Most CCTV projects require Security operators to be able to pan, tilt and zoom the CCTV cameras. If this is the
case, the feedback loop between the operator moving the joystick and the video moving on the screen must be
minimal. Discussions with operators have shown that between 100-200ms round-trip latency is acceptable, but
any more than this causes problems in using the system.
This is shown most readily when an operator is trying to follow a suspect person through, for example, a
departure lounge. As the operator tries to zoom in to identify that person’s actions, the camera must respond
readily to the commands sent to it by the operator. If the latency of the whole system is in excess of 200ms the
system becomes unmanageable for that operator as every-time he wants to stop the camera, the system latency
means that the camera has actually moved on from the image the operator is seeing and so stops there. The
operator then has to move the camera again in order to home in on the subject. This becomes very frustrating,
very quickly.
Video
TV
CC
Control
Video
Control
Network
Note that is the whole system latency that can cause problems to the operator. The surveillance solution must be
designed from a systems perspective as the performance of the system is a combination of the combined
performance of the network, codec, control system and remote equipment.

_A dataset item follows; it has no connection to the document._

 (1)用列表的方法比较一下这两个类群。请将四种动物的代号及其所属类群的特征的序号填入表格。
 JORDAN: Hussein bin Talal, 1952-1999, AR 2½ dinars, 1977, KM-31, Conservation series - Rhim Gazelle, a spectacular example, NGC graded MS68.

Network Bandwidth becomes an issue when there are a large number of images to be transmitted across the
network simultaneously, especially if the images are being sent across the Wide Area using a Service Provider.
Whilst using MPEG-2 can reduce the bandwidth needed, it may result in additional latency that can be
unacceptable to the Operator.
Video Switching
Using traditional CCTV technology, all images are continuously streamed to a CCTV control room and then
connections made on a local matrix. There is very little delay in the switching of video images on a single monitor.

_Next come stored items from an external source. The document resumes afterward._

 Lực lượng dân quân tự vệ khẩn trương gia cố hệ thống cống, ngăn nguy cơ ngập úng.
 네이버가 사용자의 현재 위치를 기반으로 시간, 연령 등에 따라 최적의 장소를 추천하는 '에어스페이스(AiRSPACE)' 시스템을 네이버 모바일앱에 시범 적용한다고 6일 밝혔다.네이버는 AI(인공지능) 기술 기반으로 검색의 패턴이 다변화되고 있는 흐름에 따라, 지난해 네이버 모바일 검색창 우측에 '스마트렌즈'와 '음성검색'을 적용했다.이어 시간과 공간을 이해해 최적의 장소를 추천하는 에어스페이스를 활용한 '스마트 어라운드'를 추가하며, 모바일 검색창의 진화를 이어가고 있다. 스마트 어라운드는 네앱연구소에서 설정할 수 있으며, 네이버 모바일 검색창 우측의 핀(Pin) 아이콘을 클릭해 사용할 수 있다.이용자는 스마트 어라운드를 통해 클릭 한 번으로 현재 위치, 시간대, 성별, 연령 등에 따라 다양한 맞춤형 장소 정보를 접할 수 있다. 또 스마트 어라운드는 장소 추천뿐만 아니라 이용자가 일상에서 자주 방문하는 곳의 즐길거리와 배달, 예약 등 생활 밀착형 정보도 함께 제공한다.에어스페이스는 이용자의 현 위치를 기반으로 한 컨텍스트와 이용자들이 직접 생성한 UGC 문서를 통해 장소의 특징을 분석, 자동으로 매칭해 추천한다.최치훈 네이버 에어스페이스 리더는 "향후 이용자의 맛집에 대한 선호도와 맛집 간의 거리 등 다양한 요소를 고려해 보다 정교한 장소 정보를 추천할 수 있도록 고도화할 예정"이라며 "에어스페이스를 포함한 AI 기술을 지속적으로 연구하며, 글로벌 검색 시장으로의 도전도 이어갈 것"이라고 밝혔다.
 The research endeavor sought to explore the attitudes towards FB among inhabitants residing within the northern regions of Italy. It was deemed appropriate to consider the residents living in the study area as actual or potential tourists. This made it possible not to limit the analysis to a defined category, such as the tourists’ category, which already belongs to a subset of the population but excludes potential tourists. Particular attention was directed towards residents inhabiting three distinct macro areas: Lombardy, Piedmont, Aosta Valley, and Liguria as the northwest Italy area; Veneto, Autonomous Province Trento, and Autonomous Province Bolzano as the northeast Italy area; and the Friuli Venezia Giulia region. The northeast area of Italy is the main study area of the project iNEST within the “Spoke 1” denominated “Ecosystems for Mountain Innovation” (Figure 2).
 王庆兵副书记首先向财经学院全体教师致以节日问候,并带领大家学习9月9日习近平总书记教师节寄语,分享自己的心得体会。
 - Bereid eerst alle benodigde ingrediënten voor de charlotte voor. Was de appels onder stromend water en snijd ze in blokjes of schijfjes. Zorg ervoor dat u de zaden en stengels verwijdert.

Networked Video provides a mechanism for only making video connections as and when required. Therefore the
time taken between the Security Operator selecting a camera and the image appearing on the screen must be
kept as low as possible.
Conclusion.
Video Transmission is only one part of a Networked Video Surveillance solution. The solution for any project can
only be designed when the KPI’s (Key Performance Indicators), Service Level Agreements (SLA’s) and
applications have been decided. This information will indicate to the designer what type of network, what type of
camera, what type of codec and what control system needs to be proposed.
The CellStack Centauri provides a flexible architecture that allows the user to customise the chassis
configuration depending on what network, what codec and what control system is specified. Using simple design
rules, combinations of M-JPEG, MPEG-2, IP and ATM network interfaces can all be used to provide an
integrated surveillance solution that really delivers.